• [EXERCISE MATERIALS]
■ ■ ■ ■ ■ ■ ■

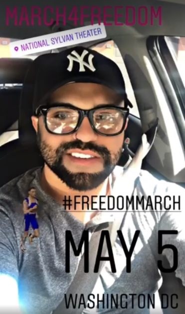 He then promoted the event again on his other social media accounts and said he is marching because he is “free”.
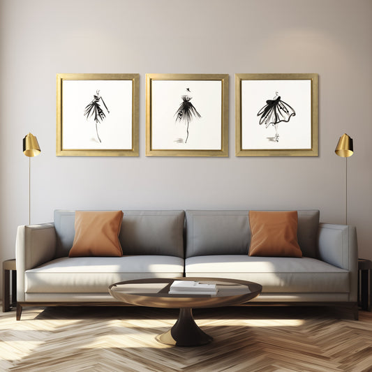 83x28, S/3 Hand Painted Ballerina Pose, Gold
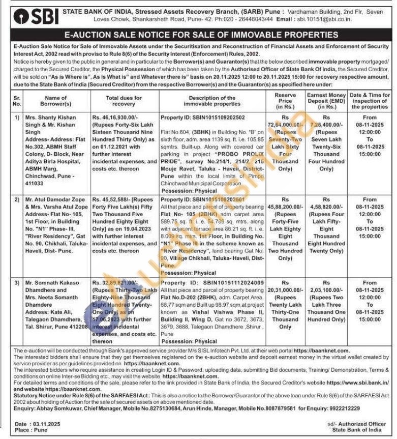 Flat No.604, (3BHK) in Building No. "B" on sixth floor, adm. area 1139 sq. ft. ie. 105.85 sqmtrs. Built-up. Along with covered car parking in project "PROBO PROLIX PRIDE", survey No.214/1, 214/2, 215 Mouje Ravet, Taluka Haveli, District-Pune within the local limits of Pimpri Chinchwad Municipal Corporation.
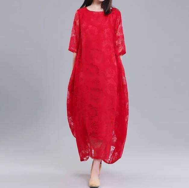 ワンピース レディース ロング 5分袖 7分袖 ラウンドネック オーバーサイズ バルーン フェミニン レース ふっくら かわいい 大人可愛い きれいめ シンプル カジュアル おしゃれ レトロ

■ ■ ■ ■ ■ ■ ■

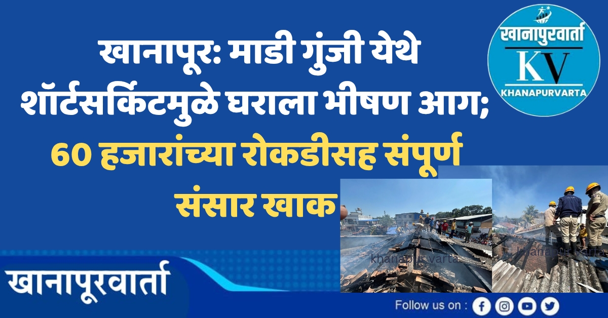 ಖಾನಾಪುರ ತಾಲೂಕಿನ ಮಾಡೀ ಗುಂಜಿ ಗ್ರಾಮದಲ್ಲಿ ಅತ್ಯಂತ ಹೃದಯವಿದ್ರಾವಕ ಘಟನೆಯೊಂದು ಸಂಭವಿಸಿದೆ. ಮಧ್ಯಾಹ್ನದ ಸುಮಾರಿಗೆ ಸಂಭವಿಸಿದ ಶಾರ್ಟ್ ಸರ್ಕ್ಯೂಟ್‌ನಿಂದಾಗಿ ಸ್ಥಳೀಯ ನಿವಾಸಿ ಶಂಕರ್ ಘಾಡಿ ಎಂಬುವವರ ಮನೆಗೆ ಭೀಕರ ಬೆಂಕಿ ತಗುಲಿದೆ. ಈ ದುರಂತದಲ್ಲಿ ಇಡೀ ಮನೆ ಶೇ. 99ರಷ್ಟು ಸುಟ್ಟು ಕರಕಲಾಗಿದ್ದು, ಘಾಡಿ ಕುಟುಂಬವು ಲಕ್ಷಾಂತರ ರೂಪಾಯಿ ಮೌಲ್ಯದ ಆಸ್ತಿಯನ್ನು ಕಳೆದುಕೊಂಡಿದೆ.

■ ■ ■ ■ ■ ■ ■

• [ABOUT THIS TASK] Could the stretch from the line with "Flat No.604, (3BHK)" through the line with "ワンピース レディース ロング" in the listing above be restated word for word, minus the pictures?

• [SOLUTION FOR THIS TASK]
 Flat No.604, (3BHK) in Building No. "B" on sixth floor, adm. area 1139 sq. ft. ie. 105.85 sqmtrs. Built-up. Along with covered car parking in project "PROBO PROLIX PRIDE", survey No.214/1, 214/2, 215 Mouje Ravet, Taluka Haveli, District-Pune within the local limits of Pimpri Chinchwad Municipal Corporation.
 ワンピース レディース ロング 5分袖 7分袖 ラウンドネック オーバーサイズ バルーン フェミニン レース ふっくら かわいい 大人可愛い きれいめ シンプル カジュアル おしゃれ レトロ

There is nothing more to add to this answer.